И глядя на эту тесную группу, живописную, как на старых дагерротипах, потому что фоном ей служат резные спинки белых стульев с красной обивкой, думаешь об этих людях, перебираешь в памяти их судьбы. Вот они тревожатся о Ленине, боятся за его жизнь. А ведь не все даже переживут его. Умрет спустя полгода Свердлов, погибнет от эсеровской бомбы Загорский. Позже станут жертвой беззакония Крестинский и Стеклов, и другие незаметно сойдут в тень по одному… Так мало людей этого поколения доживет до старости. Они погибнут, по слову поэта, «от штыков, от каторг и от пуль – и почти никто от долгих лет».
Удивительные люди, скажут о них младшие современники. Революция не была для них внешним событием, так или иначе задевшим их лично. Она была растворена в их крови, они были ее создателями, ее участниками и сыновьями, и все ее боли и трудности были для них своими. Думая о ее судьбе, они всякий раз решали вопрос своей совести, своей судьбы. Личная нравственность была слита для них с революционным долгом, а сам долг выступал не как навязанная извне сила, а как создание их собственных чувств и разума. В этом смысле они были вправе считать себя счастливыми людьми.
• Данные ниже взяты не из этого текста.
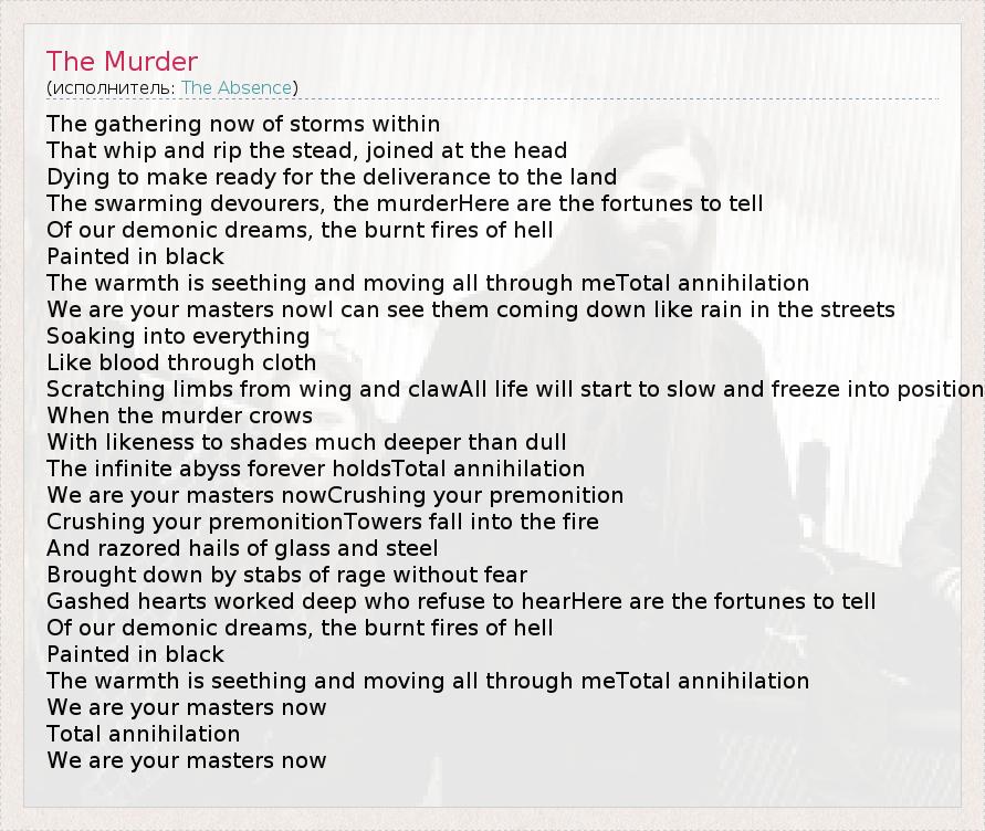 Это интересно:Новое приобретение лейбла “Metal Blade Records“, флоридская группа The Absence, записала 3 альбома. Коллектив играет музыку в стиле "Melodic Death-Metal".Дискография:2005 - From Your Grave2007 - Riders Of The Plague2010 - Enemy UnboundСостав :Джейми Стюарт - Вокал Патрик Пинтаволл - Гитара Питер Джозеф - Гитара Николас Калаки - Бас Джерими Клинк - Ударные

Алым полыханием революции окрашен патетический финал спектакля – надежда на выздоровление Ленина и бессмертная песня Эжена Потье, не пропетая в голос – ведь нельзя шуметь рядом с комнатой, где больной Ленин, – а рассказанная его товарищами почти шепотом, но внятно и в такт, как единый вздох радости, облегчения и упрямой веры.
Эти три театральных вечера многое напомнили нам, об ином заставили задуматься. Театр, рассказавший о борьбе и поисках мысли нескольких поколений русской революционной интеллигенции, выступил как театр высокой гражданской темы, и само название его – «Современник» – засветилось вдруг новым смыслом, получило новое оправдание. У коллектива и прежде были прекрасные работы, доставившие ему известность. Но трилогия о русской революции должна, кажется, стать особой вехой в судьбе театра.
Не надо быть знакомым с актерами, бывать за кулисами или говорить с режиссером, чтобы понять – артисты поглощены, увлечены этой работой, она заново спаяла их в жизнеспособный коллектив, перевела театр на иную ступень интересов и, думаю, открыла перед ним новые горизонты.
«Мудрецы» Островского – в истории и на сцене
Минувшей зимой, проходя одной из московских улиц, я увидел на афишной тумбе: «На всякого мудреца довольно простоты» (К столетию со дня первой постановки)». Известный московский театр приглашал зрителей на премьеру старой пьесы Островского.